** Task to carry out **
Reproduce the records that follow exactly; any picture among them stays out.

** Provided material **
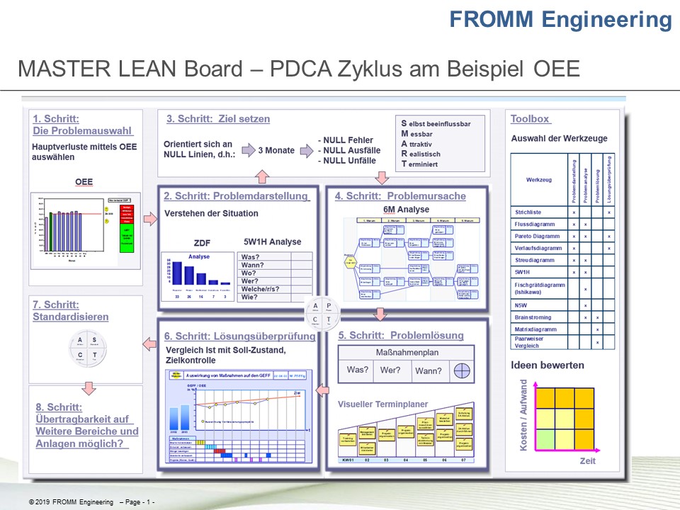 The PDCA cycle, on the other hand, ensures an ongoing process of improvement and can be used in different areas. It helps to analyze situations, to identify potentials and to derive actions and possibilities for optimization. You can see this in the example MASTER LEAN Board – PDCA Zyklus am Beispiel OEE
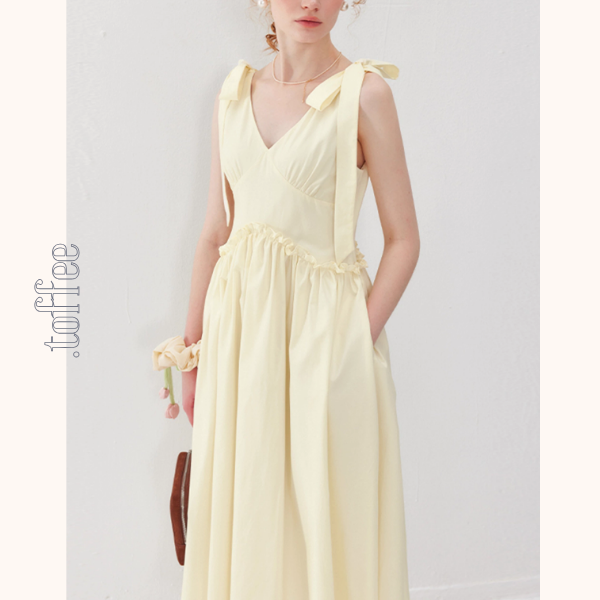 【2color】ショルダーリボンVネックワンピース《Z01011》
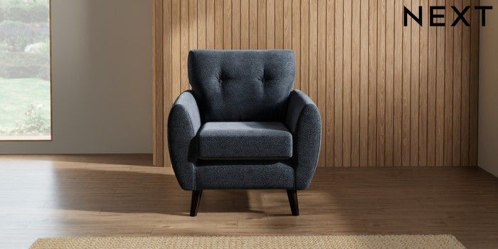 7.2.10 Wilson Buttoned Back Armchair Boucle Chenille Dark Slate Blue Retro Tapered - Dark | Made Click here to use our website with more accessibility support, for example screen readers
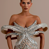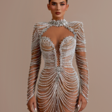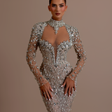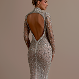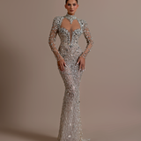 High neckline with intricate silver detailing Deep keyhole cutout at the front Long sleeves, fully covered with silver embellishments Fitted Waist Form-fitting silhouette that flares slightly at the hem Floor-length gown with a slight train Model is wearing a size S- $1,669.50
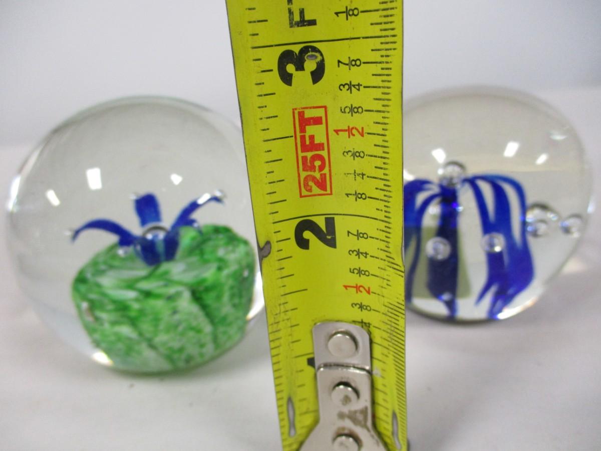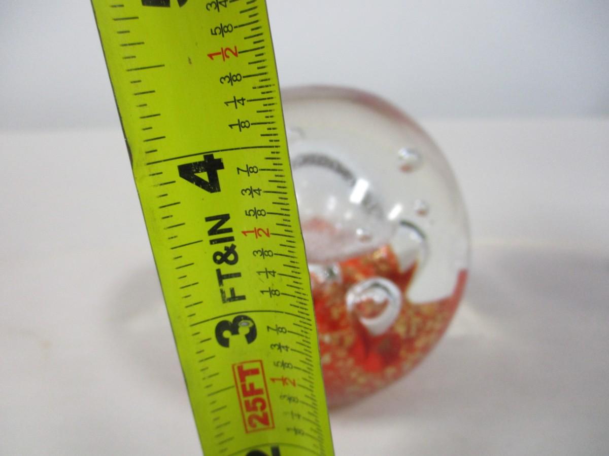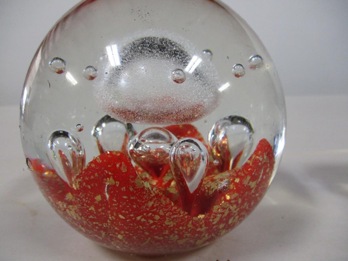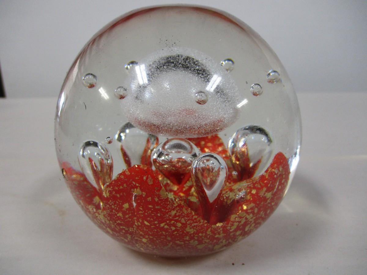 Art Glass Controlled Bubbles With Gold Flecks & Floral Paperweights
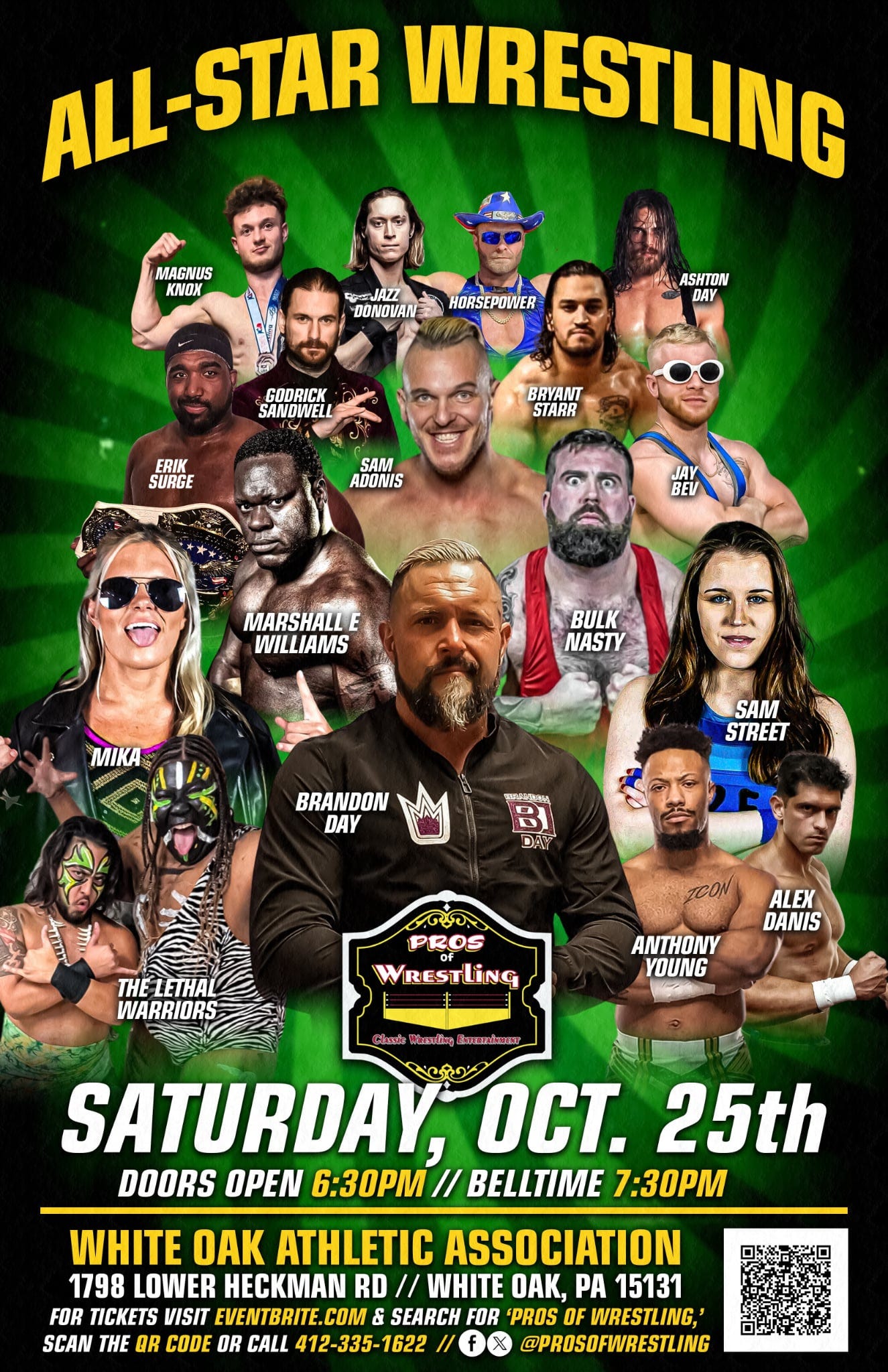 Pros of Wrestling presents All-Star Wrestling on Saturday, October 25, 2025, at the White Oak Athletic Association, 1798 Lower Heckman Road in White Oak, Pennsylvania. Doors open at 6:30 p.m., and bell time is 7:30 p.m. Tickets are available online.
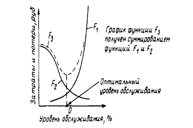 Графически оптимальный размер уровня сервиса можно определить, построив суммарную кривую F3, отражающую поведение затрат и потерь в зависимости от изменения уровня обслуживания

** Task result **
 The PDCA cycle, on the other hand, ensures an ongoing process of improvement and can be used in different areas. It helps to analyze situations, to identify potentials and to derive actions and possibilities for optimization. You can see this in the example MASTER LEAN Board – PDCA Zyklus am Beispiel OEE
 【2color】ショルダーリボンVネックワンピース《Z01011》
 7.2.10 Wilson Buttoned Back Armchair Boucle Chenille Dark Slate Blue Retro Tapered - Dark | Made Click here to use our website with more accessibility support, for example screen readers
 High neckline with intricate silver detailing Deep keyhole cutout at the front Long sleeves, fully covered with silver embellishments Fitted Waist Form-fitting silhouette that flares slightly at the hem Floor-length gown with a slight train Model is wearing a size S- $1,669.50
 Art Glass Controlled Bubbles With Gold Flecks & Floral Paperweights
 Pros of Wrestling presents All-Star Wrestling on Saturday, October 25, 2025, at the White Oak Athletic Association, 1798 Lower Heckman Road in White Oak, Pennsylvania. Doors open at 6:30 p.m., and bell time is 7:30 p.m. Tickets are available online.
 Графически оптимальный размер уровня сервиса можно определить, построив суммарную кривую F3, отражающую поведение затрат и потерь в зависимости от изменения уровня обслуживания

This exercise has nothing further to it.